3) Checking the rabbit.log file shows these entries as the last messages:
# tail -f /var/log/rabbitmq/rabbit.log
Rolling persister log to
"/var/lib/rabbitmq/mnesia/rabbit/rabbit_persister.LOG.previous"

=INFO REPORT==== 7-Aug-2009::14:48:16 ===
Rolling persister log to
"/var/lib/rabbitmq/mnesia/rabbit/rabbit_persister.LOG.previous"

=INFO REPORT==== 7-Aug-2009::14:48:40 ===
Rolling persister log to
"/var/lib/rabbitmq/mnesia/rabbit/rabbit_persister.LOG.previous"

=INFO REPORT==== 7-Aug-2009::14:49:22 ===
Rolling persister log to
"/var/lib/rabbitmq/mnesia/rabbit/rabbit_persister.LOG.previous"

4) The rabbit-sasl.log file shows *nothing*.

5) Matthias, I'll send you another email containing the tar.gz of the
mnesia directory, so that you can see what the state of the database
looks like after this crash.  And before start up.

> Darien Kindlund wrote:
>> Understood.  Yes, I've checked and there were no
>> connection/re-connection attempts, when I had witnessed the the
>> persistent messages in the durable queue were still marked as
>> un-ack'd.
>
> And you are sure that the server actually restarted?

Yes, I manually killed all erlang related processes, then proceeded to
issue a '/etc/init.d/rabbitmq start'.
Then, I checked the /var/log/rabbitmq/startup_log file, which showed:
# cat startup_log
Starting all nodes...
Starting node rabbit at manager...
RabbitMQ 1.6.0 (AMQP 8-0)
Copyright (C) 2007-2009 LShift Ltd., Cohesive Financial Technologies
LLC., and Rabbit Technologies Ltd.
Licensed under the MPL.  See http://www.rabbitmq.com/

node        : rabbit at manager
log         : /var/log/rabbitmq/rabbit.log
sasl log    : /var/log/rabbitmq/rabbit-sasl.log
database dir: /var/lib/rabbitmq/mnesia/rabbit

starting database             ...done
starting core processes       ...done
starting recovery             ...done
starting persister            ...done
starting guid generator       ...done
starting builtin applications ...done
starting TCP listeners        ...done
starting STOMP-listeners      ...done

broker running
OK
done.

> Also, how easy is it to reproduce this problem? Does it happen with,
> say, a clean installation (empty db dir, no log files) when you publish
> a few persistent messages, consume (but not ack) them, and then restart
> the broker?

I'm not sure.  I've been using v1.6.0 since it was released, and this
is really the first time I've encountered any type of problem.

There has been one major, noticeable change that I've been
experimenting with... which may explain the crash:
Lately, I've been increasing the message sizes, which may have played
a role in this crash.
I'm still using the STOMP adapter, so this problem may only be present
when sending large messages via STOMP -- I'm not sure.

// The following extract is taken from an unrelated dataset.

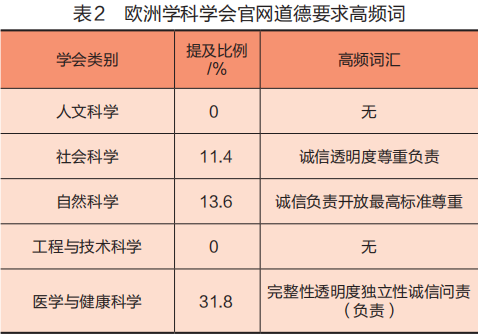 学术出版道德原则旨在强调科技论文作者应秉持的基本价值观,旨在对其行为进行指导。在我国学术出版道德规范中表现为要求研究人员要 “追求真理、诚实守信、实事求是、公平公正、互相尊重,保持严谨认真、一丝不苟的科学态度”。[18]在44个欧洲特定学科学会中的25个学会在其文件中概述了指导原则。不同学科在描述其道德原则时所使用的词语既有共同之处,也有明显的差异。研究者通过对文本内容的详细分析,总结了各个学科学会指导原则中使用频率最高的五个关键词(见表2)。
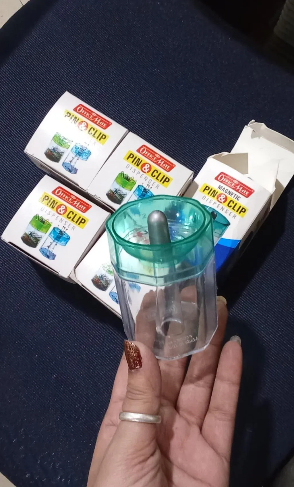 The magnetic pin and clip dispenser is made from a high-quality, durable plastic for the body and contains a strong internal magnet. The plastic gives it a sturdy yet lightweight frame, and the magnet is what holds the pins and clips. The overall design is sleek and meant to look neat on your desk, while the materials ensure it can handle daily use (the plastic won’t easily crack, and the magnet is rust-proof and long-lasting).

> If you can construct such a test case for us then we'll try to replicate
> it on our systems.

I'll see what I can do; one basic set of unit tests, is see if
RabbitMQ behaves differently, when you feed it different message sizes
over AMQP and STOMP:

For starters, try the following unit tests:

Message Size | Protocol
10K | AMQP
100K | AMQP
1M | AMQP
10M | AMQP
100M | AMQP
1G | AMQP

10K | STOMP
100K | STOMP
1M | STOMP
10M | STOMP
100M | STOMP
1G | STOMP

In my case, I think I'm getting errors with either the 1M or 10M
message size over STOMP.  In fact, I'm almost positive that this crash
was caused by sending a large message via STOMP.  Furthermore, it
looks like when the STOMP adapter fails, there's no sufficient crash
log reported.

Is there some sort of (implicit) upper limit on the allowable message
size when sending over STOMP?

>> Okay, so 'queue.purge' will flush all 'ready' and 'un-ack'd' messages
>> from a particular queue -- or just un-ack'd messages?
>
> Good question :) In AMQP 0-8 the spec requires that queue.purge removes
> *all* messages. In 0-9-1 this got changed to the more sensible "all
> messages not awaiting acknowledgement", and that is what RabbitMQ
> implements.

Okay, so that explains why the queue.purge did nothing.

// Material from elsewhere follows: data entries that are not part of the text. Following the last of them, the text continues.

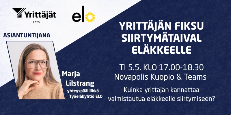 Asiantuntijapuheenvuorossa Työeläkeyhtiö Elon yhteyspäällikkö Marja Lilstrang.
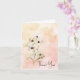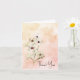 Buquê de caixa de aquarela em um fundo de cor d'água laranja e cor-de-rosa com o obrigado do texto. Todo texto é editável.
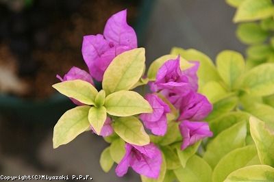 赤紫の花(苞)を咲かせ、樹木性樹形の品種。

>> Is there a command in the AMQP spec that will instruct RabbitMQ to re-mark all
>> un-ack'd messages as ready?
>
> There have been several discussions about this on the mailing list.
> AMQP's 'basic.reject' command, which, if RabbitMQ implemented it (which
> it doesn't, yet) would allow a client to reject, and thus make available
> to other consumers, specific messages it has received.
>
> But that falls short of what you are after, since you want some agent
> other than the consumer to initiate the reclaim of messages.
>
>> If no such command exists, I'm thinking it would be useful to include
>> such a command in future versions of the spec, so that people could
>> develop 'message recovery logic', when dealing with buggy consumers
>> that are connected but are not actually properly processing the
>> messages.
>
> Do you want to have a stab at defining the syntax and semantics of this
> new command? Take a look at the 0-9-1 xml spec
> (http://jira.amqp.org/confluence/download/attachments/720900/amqp0-9-1.xml),
> to get an idea of the flavour in which AMQP commands are defined, and
> follow that as closely as possible.
>
> I'd be happy to review and discuss your proposal.

Hrm, I'll try and get an idea of how it would work at a high-level,
before trying to capture the behavior in the XML spec.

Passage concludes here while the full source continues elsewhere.